Que en Londres nunca hay sol es cierto sólo a medias, porque a veces, como ahora, incluso hay dos.

Otros soles brillan en Londres.

Uno es el llamado el astro rey, que en esta ciudad es esquivo y parece no tener fuerzas ni ganas de pelearle a las nubes un pedazo de cielo.

El otro está en la galería Tate Modern y es obra del artista danés Olafur Eliasson.

Es enorme, del amarillo con que se pintan los soles en la niñez y brilla día y noche sobre las miles de personas que visitan el museo.

El sol de Eliasson deslumbra por lo inesperado: uno nunca espera abrir una puerta y encontrarse con su luz.

Está rodeado de una niebla artificial que va aumentando con el paso de las horas y le da a la enorme sala que lo acoge un aire enrarecido, onírico quizás, o futurista.

El nombre del trabajo es muy apropiado para Londres. Se llama The Weather Project o el "proyecto del clima", uno de los temas favoritos de los británicos a la hora de entablar una conversación.

Dientes solares

Sucede espontáneamente. La gente que va a visitar el sol de la Tate se tiende en el suelo a tomarlo, como si en efecto sus rayos calentaran.

Sol del este
Los fines de semana se reúnen allí decenas de negros a cantarle a quién sabe qué dios. Están llenos de colores y sus dientes blancos brillan como mil soles.

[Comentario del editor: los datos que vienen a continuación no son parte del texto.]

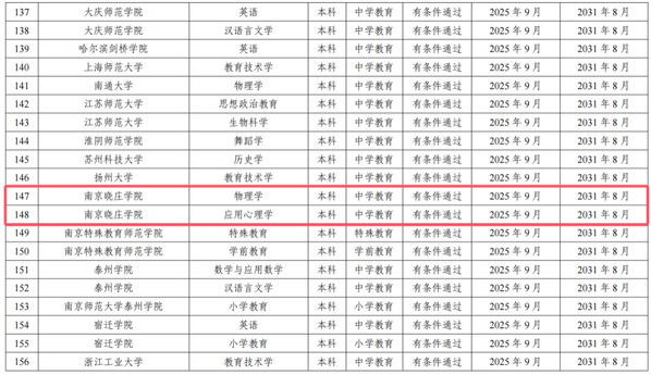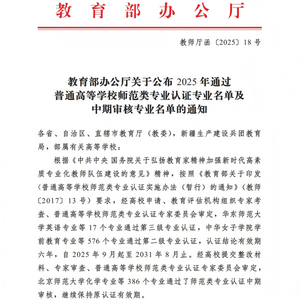 近日,教育部办公厅发布《关于公布2025年通过普通高等学校师范类专业认证专业名单及中期审核专业名单的通知》(教师厅函〔2025〕18号),我校物理学与应用心理学专业通过第二级专业认证,认证结论有效期六年(2025年9月至2031年8月),英语与历史学专业通过中期审核,继续保持原认证有效期。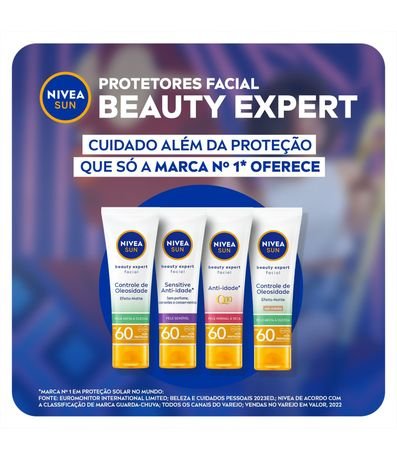 NIVEA SUN Facial Beauty Expert Sensitive FPS 60 é um protetor solar de muito alta proteção que não possui perfumes, corantes e conservantes em sua fórmula, sendo ideal para as peles sensíveis.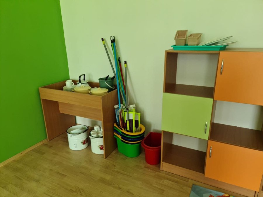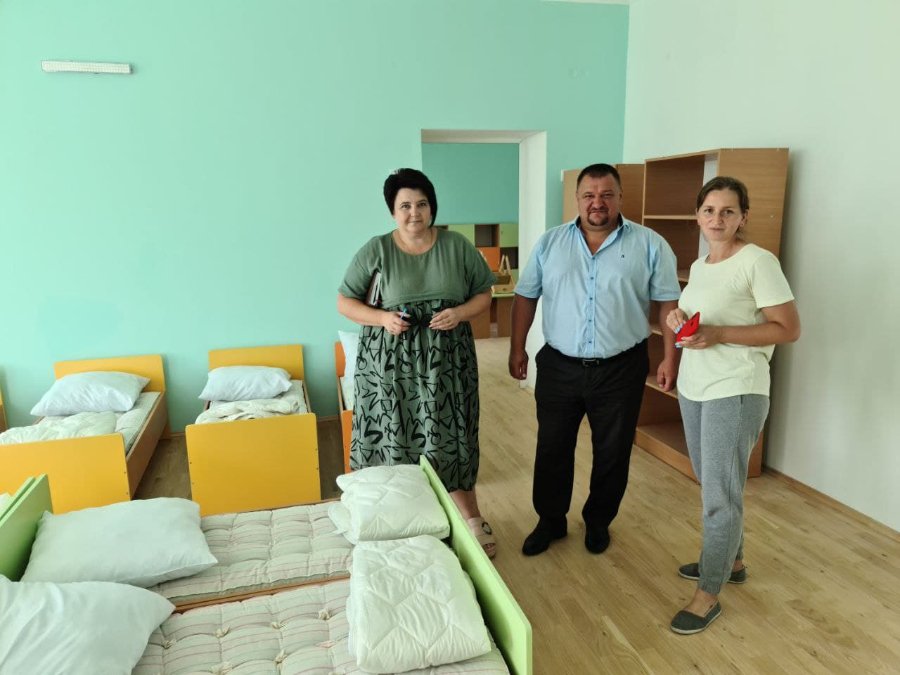 У кімнатах розставляють меблі, у спальнях – ліжечка. Придбали нову постіль, рушники, посуд, різноманітні засоби для прибирання, адже згідно норм, у кожній групі вони мають бути свої, окремого кольору.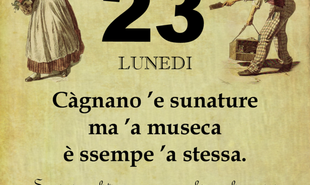 ‘O PRUVERBIO D’ ‘O JUORNO. Lunedì 23 ottobre 2017 23/10/2017 binews.it ATTUALITA', Il Proverbio del Giorno 0 Càgnano ’e sunature ma ’a museca è ssempe ’a stessa. Specie in politica possono cambiare gli uomini ma i profittatori ci saranno sempre.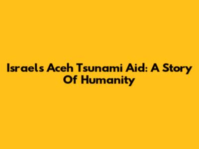 Israel's Aceh Tsunami Aid: A Story Of Humanity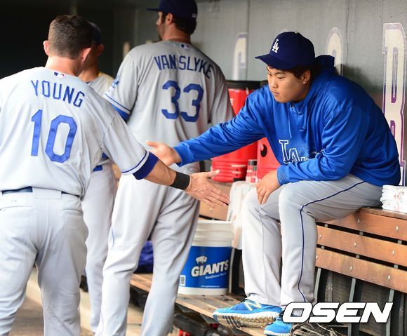 4일 (이하 한국시간) 미국 콜로라도주 덴버 쿠어스 필드에서 열린 2013 메이저리그 콜로라도 로키스와 LA 다저스의 경기, 경기 전 덕아웃에서 다저스 류현진이 마이클 영과 하이파이브를 하고 있다.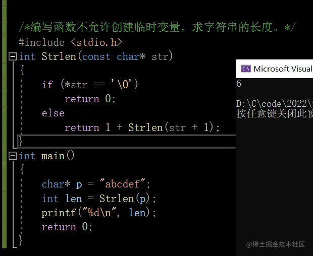 主要思想:当字符串为空的时候自然返回0,然后调用自己,完后走一位,走之前先加1直到结束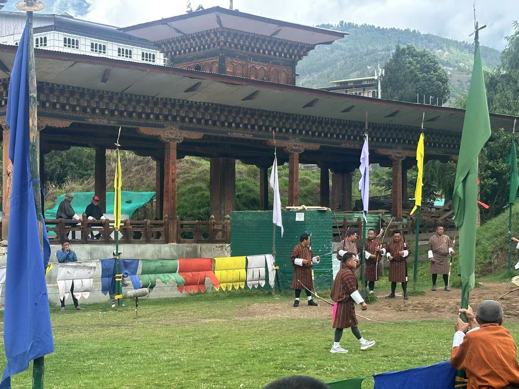 小哥早上8点半到酒店接我们,装上行李。今天是廷布当地射箭比赛的总决赛,导游小哥说要带我们去感受一下不丹最受欢迎的体育运动。不丹传统射箭靶距约140米,两队对抗轮流射击,射中靶子得2分,射中靶心得3分,最先拿到25分者胜利。每次射中队友都会唱歌跳舞庆祝。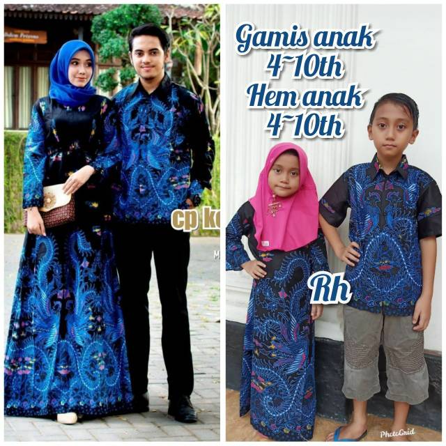 Name: Baju Batik Couple Keluarga Gamis Kemeja 2 Anak Motif Kelabang Biru Seragam Batik Kondangan Terbaru

En el techo hay un espejo gigante, que redondea la forma del astro, que en realidad es semi circular, como una naranja cortada por la mitad.

Estando yo misma tendida bajo las 200 lamparitas de Eliasson, tuve la tentación lúdica de pensar en otros lugares luminosos de esta ciudad con tan mala fama climática. En otros soles.

Una plaza mínima, veeeeerde y silenciosa, ubicada a pocas cuadras del infernal tráfico de Oxford Street. Es tan bonita que ninguna bola de fuego, por muy celestial que sea, podría mejorarla.

La capilla que hay en la esquina de mi casa, que hoy se usa tanto para fiestas como para eventos religiosos.

Los fines de semana se reúnen allí decenas de negros a cantarle a quién sabe qué dios.

Llegan con vestidos de gala, como los reyes de las aldeas que sus antepasados dejaron en África, envueltos en esa sensualidad única que nace de la abundancia carnal, de la certeza de que es posible devorarse.

Están llenos de colores y sus dientes blancos brillan como mil soles.

Saber buscar

También pensé en Cyberdog, mi tienda favorita. Queda en Camden Town y es el paraíso tecno de la ciudad.

Vista del Big Ben desde Trafalgar Square
Un clásico: el Big Ben iluminado.

Es como una caverna, con música a todo volumen y unos trajes fosforescentes y ciberespaciales que, sin duda, sorprenderían incluso a los humanos del siglo 25 si alguna vez pueden viajar al pasado.

Cada vez que entro allí me dan unas ganas locas de bailar al ritmo de esos sonidos que ni siquiera me gustan. Son tan pegajosos que la lluvia puede partir el cielo a pedazos y a mí me da igual.

Bueno, y los clásicos, claro, como cruzar el puente de Waterloo en la noche y ver Westminster y el Big Ben iluminados.

Cuando por fin dejé el sol de la Tate me dio por pensar que tal vez estoy pecando de optimista.

Sí, es cierto que el gris a veces es insoportable. Pero tampoco es que en Londres no salga nunca el sol. Lo que pasa es que aquí el astro rey no es evidente: hay que saber dónde buscarlo.